Ariel Gruver

How to Make Markets Work for the Poor: … And measure the results

Despite local demand for hay, Kenyan dairy farmers face milk shortages due to lack of quality supply. But instead of handing over the hay, why not bring the hay market to the farmers?

There is little hope of escaping poverty if markets don’t provide the poor with opportunities to increase their income through access to goods, services and employment opportunities. Making Markets Work for the Poor (M4P) is a facilitative approach to poverty reduction that seeks to understand where market systems are failing to benefit the poor, and how to take action to set them right.

Rather than having aid organizations supply hay directly to the Kenyan dairy farmers, an M4P project might support local cooperatives to meet their demand with quality supply, while establishing a local and sustainable market system.

But how do you measure the impact of M4P projects? The point was raised last week in an online forum hosted by the Guardian.

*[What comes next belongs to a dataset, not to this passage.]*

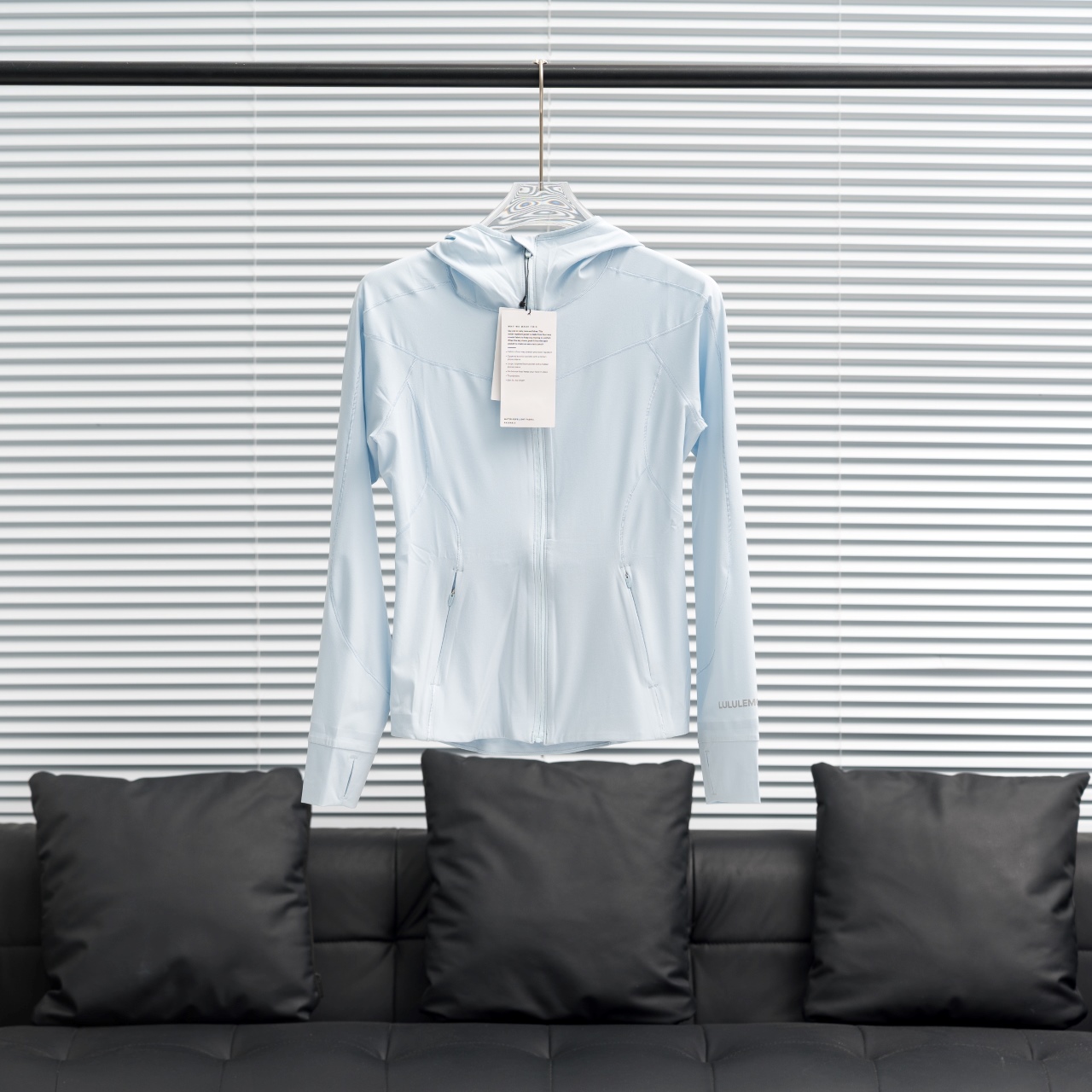 Lululemon Mist Over Windbreaker women's slim-fit solid color windbreaker. Colors: black, white, powder blue, pink. Sizes: 2, 4, 6, 8.
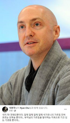 현각스님은 페이스북 게시글에 혜민스님 사진과 함께 "석지 마! 연애인 뿐이다"며 "일체 석가모니의 가르침 전혀 모르는 도둑놈뿐이야"라고 비판했습니다. 그러면서 "부처님의 가르침을 팔아먹는 지옥으로 가고 있는 기생충뿐이야"라고 더욱 강도를 높였습니다. 그는 다른 게시글에서는 "현제(재) 한국불교는 정말정말 X같은 불교다"라고 주장하기도 했습니다.

Experts who joined the chat noted that one of the key challenges of the M4P approach has been finding metrics that can capture both the short- and long-term effects of these approaches.

“The impact chain of M4P programs is indirect, so it is much more difficult to measure these results,” said Nabanita Sen, from the Donor Committee for Enterprise Development (DCED).

Finding ways to better measure long-term, sustainable and transformational change is crucial for aid organizations looking to convey to their donors that these programs work.

But development practitioners believe there are ways to create a new measurement standard.

“There is a need to adopt a long-term vision, but M4P programs can show structural changes and trends toward long-lasting change in the first years of implementation,” said Luis E. Osorio-Cortes, an international market systems specialist at Practical Action Consulting.

“The problem is that many standard M&E [monitoring and evaluation] frameworks are still blind to those signals,” he added. “This must, and can, be improved.”

But traditional charitable approaches have dominated the development scene since its beginning, just after World War II, and largely shape today’s standard measurement framework.

Aid organizations traditionally count the number of vaccinations, food rations or emergency supplies distributed, and share those counts and results with donors.

On the other hand, creating links between supply and demand for hay with a M4P approach produces a number of indirect effects that are harder to “count,” and donors accustomed to annual giving cycles may not have the patience to wait for long-term results.

For example, the hay cooperatives might open and expand operations, creating income and employment opportunities, and boost business for companies that provide farming machinery and production equipment. Quality hay is made accessible to farmers who can then feed their livestock, produce more milk and increase their incomes. The impact of these results can be easily miscalculated if it’s forced into the standard, short-term measurement framework.

Yet some of the leading development organizations are finding more efficient measurement strategies to fit these unconventional programs.

The Donor Committee for International Development has applied a monitoring and results measurement system to better capture the qualitative factors of systemic change. “We have developed measurements based on result chains to explain how activities will lead to different levels of long-term change,” Sen said.

The UK’s Department for International Development (DFID) has taken a similar approach by designing a “value for money” framework (pdf) that will satisfy the needs of donors and provide qualitative measurements.

“We call it a ‘weightings and ratings’ approach,” said Julian Barr of DFID. “Its basis is to select key processes in the intervention, and develop specific criteria against which to rate the ‘quality’ of these processes. Different processes are weighted according to their importance in achieving outcomes and impact.”

What does that mean? In the case of the Kenyan hay market, it might mean project managers work to determine which interventions are most valuable in creating adequate supply, such as working with cooperatives to educate hay farmers on quality standards, and weight those more heavily than other activities in order to illustrate the project’s overall value to its donors.

Despite its challenges, the M4P approach has gained substantial traction in recent years as some of the largest aid organizations and businesses generate interest in market development strategies. And businesses have come to incorporate similar practices through social investment and fair trade, increasing engagement with the bottom of the pyramid as valued customers.

While capturing the full impact of these programs may prove a hefty challenge for aid organizations worldwide, it seems the opportunity to approach poverty alleviation from an entirely new angle may be enough to convince them to take on the task. And that’s certainly something worth measuring.

Editor’s note: This post originally appeared on Global Envision, a blog focused on market solutions to poverty managed by Mercy Corps, a NextBillion content partner.

Ariel Gruver is a Global Envision intern in Portland, Oregon.